Researchers at King Abdullah University of Science and Technology (KAUST) have developed a new algorithm used to design waveforms to control MIMO (multiple input – multiple output) radar beam patterns in real time.
Radar technology has advanced far enough that it is now possible to discriminate between objects at greater distances, paving the way to a wider range of applications, from tracking medium-range ballistic missiles to studying tornado debris. MIMO has the potential to further improve radars by its ability to shape the output waveform to focus the transmitted signal in a specific direction and transmit multiple signals to match a greater number of targets.
In designing correlated waveforms, conventional MIMO radar techniques utilize highly complex iterative algorithms that make them difficult to implement.
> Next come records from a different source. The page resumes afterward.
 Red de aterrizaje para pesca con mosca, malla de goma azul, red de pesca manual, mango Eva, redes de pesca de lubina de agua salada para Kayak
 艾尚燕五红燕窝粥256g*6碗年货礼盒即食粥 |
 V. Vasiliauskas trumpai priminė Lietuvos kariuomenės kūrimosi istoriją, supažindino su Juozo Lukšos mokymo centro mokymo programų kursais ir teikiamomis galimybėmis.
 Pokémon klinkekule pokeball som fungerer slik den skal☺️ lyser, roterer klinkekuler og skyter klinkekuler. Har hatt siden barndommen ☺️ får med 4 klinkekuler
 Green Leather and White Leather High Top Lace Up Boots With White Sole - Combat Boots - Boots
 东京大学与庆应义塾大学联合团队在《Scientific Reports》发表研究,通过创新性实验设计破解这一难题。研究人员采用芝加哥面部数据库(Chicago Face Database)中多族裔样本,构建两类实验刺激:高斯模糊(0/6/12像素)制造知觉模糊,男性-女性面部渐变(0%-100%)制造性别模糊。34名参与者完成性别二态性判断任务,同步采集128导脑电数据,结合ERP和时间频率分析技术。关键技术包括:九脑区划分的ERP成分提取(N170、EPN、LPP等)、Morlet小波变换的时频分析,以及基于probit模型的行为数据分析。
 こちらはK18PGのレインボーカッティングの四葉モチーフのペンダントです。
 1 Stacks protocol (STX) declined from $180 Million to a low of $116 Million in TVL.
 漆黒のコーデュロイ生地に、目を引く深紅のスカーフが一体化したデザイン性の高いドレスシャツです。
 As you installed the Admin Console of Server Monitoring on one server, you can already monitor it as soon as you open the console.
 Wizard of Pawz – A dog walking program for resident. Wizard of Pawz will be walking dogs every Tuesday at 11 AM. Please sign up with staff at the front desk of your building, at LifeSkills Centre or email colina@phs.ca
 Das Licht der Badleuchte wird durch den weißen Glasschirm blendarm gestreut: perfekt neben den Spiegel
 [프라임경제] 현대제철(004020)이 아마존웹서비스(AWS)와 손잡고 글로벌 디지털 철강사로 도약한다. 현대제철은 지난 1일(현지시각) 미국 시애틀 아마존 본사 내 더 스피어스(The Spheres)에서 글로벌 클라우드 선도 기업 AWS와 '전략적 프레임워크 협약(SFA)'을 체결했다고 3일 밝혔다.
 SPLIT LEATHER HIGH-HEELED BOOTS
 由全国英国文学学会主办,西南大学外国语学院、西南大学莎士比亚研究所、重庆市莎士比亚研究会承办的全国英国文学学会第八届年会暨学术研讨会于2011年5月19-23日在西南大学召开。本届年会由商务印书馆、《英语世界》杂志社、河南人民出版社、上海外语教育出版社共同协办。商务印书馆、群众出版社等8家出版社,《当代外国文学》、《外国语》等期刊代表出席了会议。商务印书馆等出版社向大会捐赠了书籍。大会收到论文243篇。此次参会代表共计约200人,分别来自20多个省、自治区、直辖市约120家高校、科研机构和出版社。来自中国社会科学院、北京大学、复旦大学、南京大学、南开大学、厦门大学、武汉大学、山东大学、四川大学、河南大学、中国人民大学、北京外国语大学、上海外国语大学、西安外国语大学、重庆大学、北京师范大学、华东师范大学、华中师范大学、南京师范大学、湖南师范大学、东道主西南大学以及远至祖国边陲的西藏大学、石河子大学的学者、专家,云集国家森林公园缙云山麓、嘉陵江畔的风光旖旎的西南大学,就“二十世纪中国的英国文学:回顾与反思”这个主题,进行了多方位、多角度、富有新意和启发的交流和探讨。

In response to this challenge, KAUST researcher Taha Bouchoucha developed a new computation scheme to derive a new algorithm that improves the process of designing these MIMO waveforms to achieve the desired beam pattern.
“MIMO radar uses several transmitting and receiving antennas at the same time, where the user can choose a different transmitted signal for each antenna,” said Bouchoucha, who performed the project with researcher Sajid Ahmed, supervised by Mohamed-Slim Alouini, Professor, Electrical Engineering, and Associate Dean, Computer, Electrical and Mathematical Science and Engineering Division, as well as Tareq Al-Naffouri, Associate Professor, Electrical Engineering, at KAUST.
“Our work was on the transmitter side, developing a simple way of constructing the transmitted waveforms to steer the signal to a specific region in space,” he added.
The researchers explained in their article published in IEEE Transactions on Signal Processing that, first, they used a low-complexity discrete Fourier transform-based, closed-form covariance matrix design technique. The matrix was then used to derive a novel closed-form algorithm to directly design the finite-alphabet constant-envelope waveforms for the desired beam pattern for large antenna arrays.
“We took advantage of a mathematical framework called the two-dimensional Fourier transform combined with fast and efficient algorithms to generate the Fourier transform parameters,” said Bouchoucha, who is now a doctoral researcher at the University of California Davis. “Waveform generation using our approach is inexpensive and practical, and it gives complete flexibility and freedom to focus the transmitted signal in a specific region in space.”
The KAUST team has filed its latest contribution to MIMO technology with the United States Patent and Trademark Office. Related, another group of KAUST researchers, led by Alouini and David Keyes, announced in March a new algorithm — called spherical decoding — for massive MIMO antennas that could make next-generation 5G network signal transmission more efficient.